Conducted between 2021 and 2023 in Singapore and South Korea, the clinical trial involved clinicians and scientists from both countries, and the findings were published in The Lancet Oncology in February.
NCIS consultant Natalie Ngoi, the study’s first author, said: “Trials like ours are small but mean a lot for patients with rare cancer subtypes who are often excluded from larger randomised trials that focus on the common cancer subtypes.”
One of the patients, who wanted to be known as Michelle, joined the trial after two lines of standard chemotherapy were unsuccessful, but could not continue with the trial after a month due to her liver enzymes increasing beyond the acceptable range. However, the benefits persisted even after treatment had stopped, with tumours in her neck and pelvic lymph nodes continuing to shrink.
“I’m very grateful to experience the magic of this pembrolizumab and lenvatinib,” said the 49-year-old, adding that she hopes the treatment could be added to the Health Ministry’s cancer drug list.
Prof Tan noted that a recent study in the United States showed similar results, further validating the results of the Lara trial.
“We are currently working to try to get this combination into the US National Comprehensive Cancer Network guidelines, which would then guide our subsequent efforts to make this treatment available for patients in Singapore,” he said.
Treating triple negative breast cancer
Separately, another trial involving patients with untreated, advanced triple negative breast cancer has shown significant improvements in their survival.

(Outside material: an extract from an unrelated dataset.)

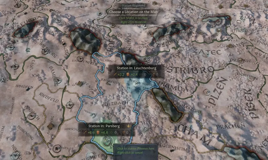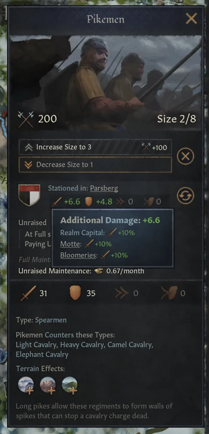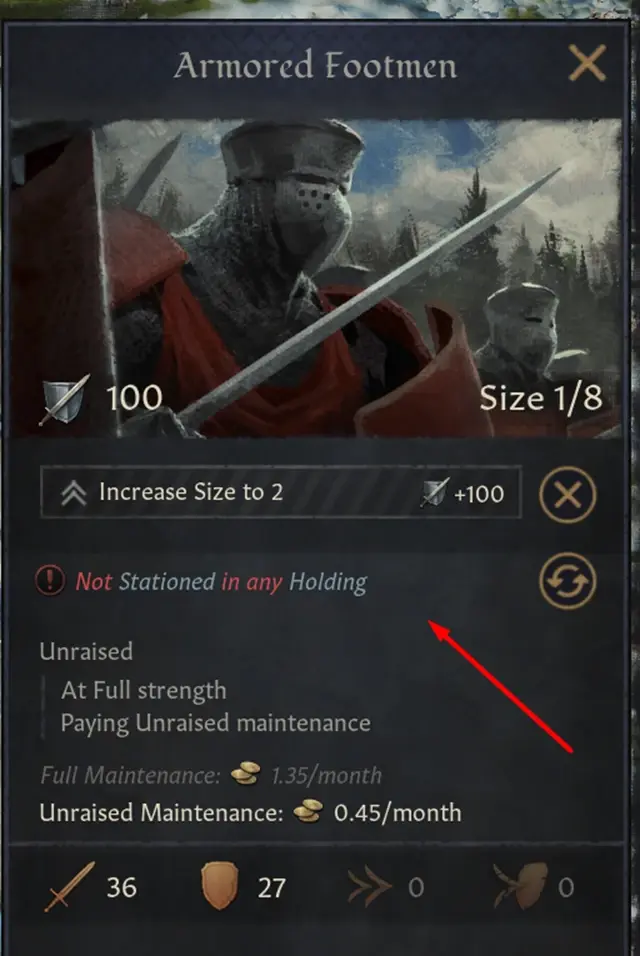 當你完成部隊駐紮後,你可以在他們的資訊卡上看到他們駐紮的位置,可以看到強化buff的來源拆分。除了招募、戰爭或者地產被圍/佔領的時候,任何時候你都可以重新駐紮你的部隊。
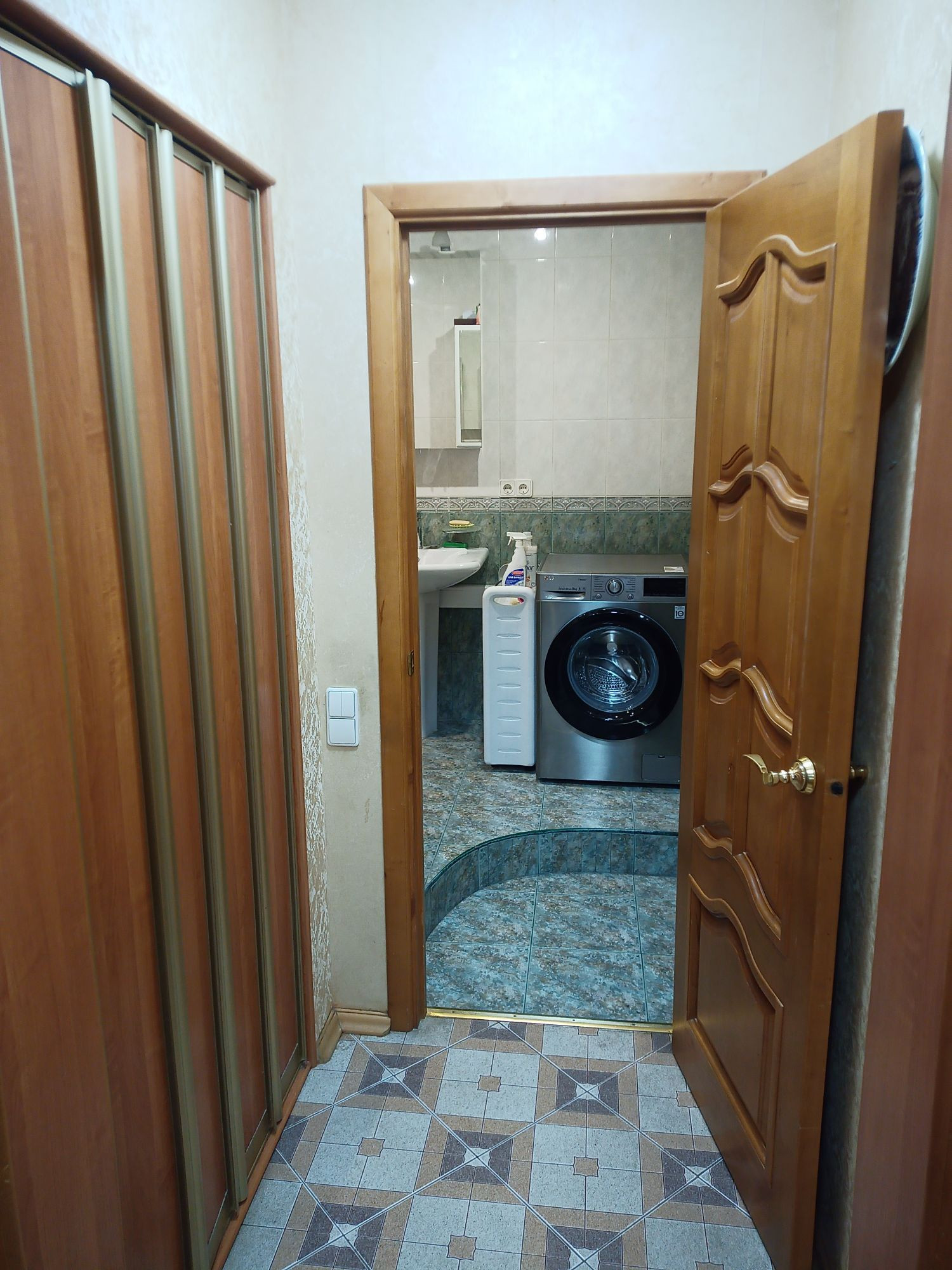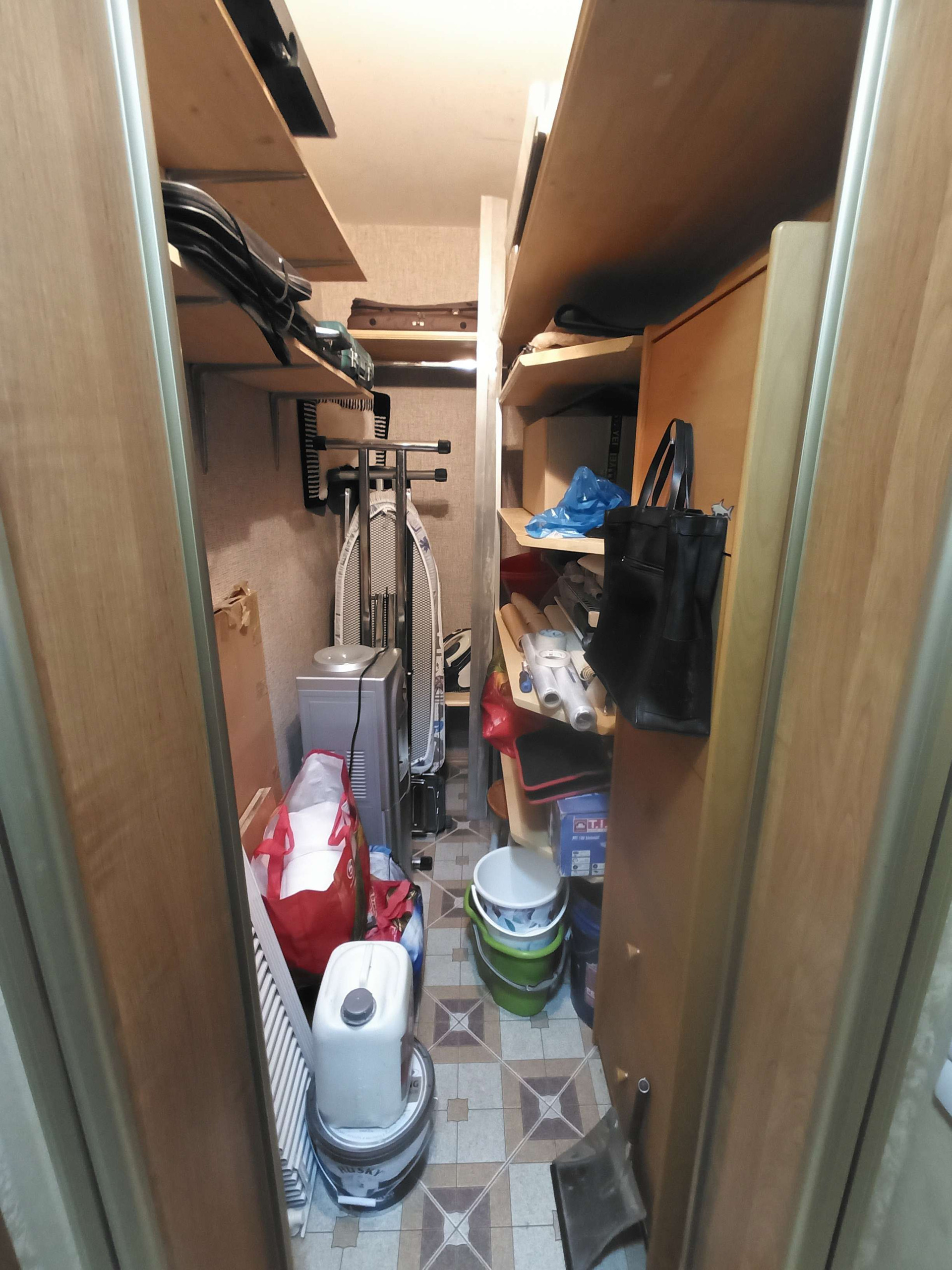 При объединении квартир появилась возможность пользоваться длинным коридором с окном от лифта как прихожей с дополнительными местами  для хранения (шкафы-купе, обувница...).

Triple negative breast cancer is an aggressive subtype that disproportionately affects women under the age of 40, and is associated with early recurrence and shorter survival.
It accounts for some 15 per cent of all breast cancer cases in Singapore, said Professor Rebecca Dent, deputy clinical chief executive officer at the National Cancer Centre Singapore.
Trial patients were treated with datopotamab deruxtecan (Dato-DXd), an antibody-drug conjugate that targets and kills tumour cells while sparing healthy ones.
It is currently approved for another type of breast cancer, but not the triple negative variety.
The study, which was published in the journal Annals of Oncology in April, recruited 644 triple negative breast cancer patients across multiple countries, including the United States, China and Singapore.
It found that progression-free survival – the duration one lives with a disease without it worsening – doubled to a median 10.8 months using Dato-DXd compared with chemotherapy, while overall survival also improved with the new drug.
Some 63 per cent of patients experienced a sustained shrinking of their tumours using Dato-DXd, compared with 29 per cent under chemotherapy.
The drug is currently under review as a first-line treatment for triple negative breast cancer by both the US Food and Drug Administration and Singapore’s Health Sciences Authority, with Prof Dent hopeful that it receives approval within a year.
While tumours reduce in size using conventional treatments, they can often grow back, said Prof Dent, who is the study’s lead investigator.
“One thing that’s very consistent for all of these antibody-drug conjugates is that you can see a sustained response,” she said.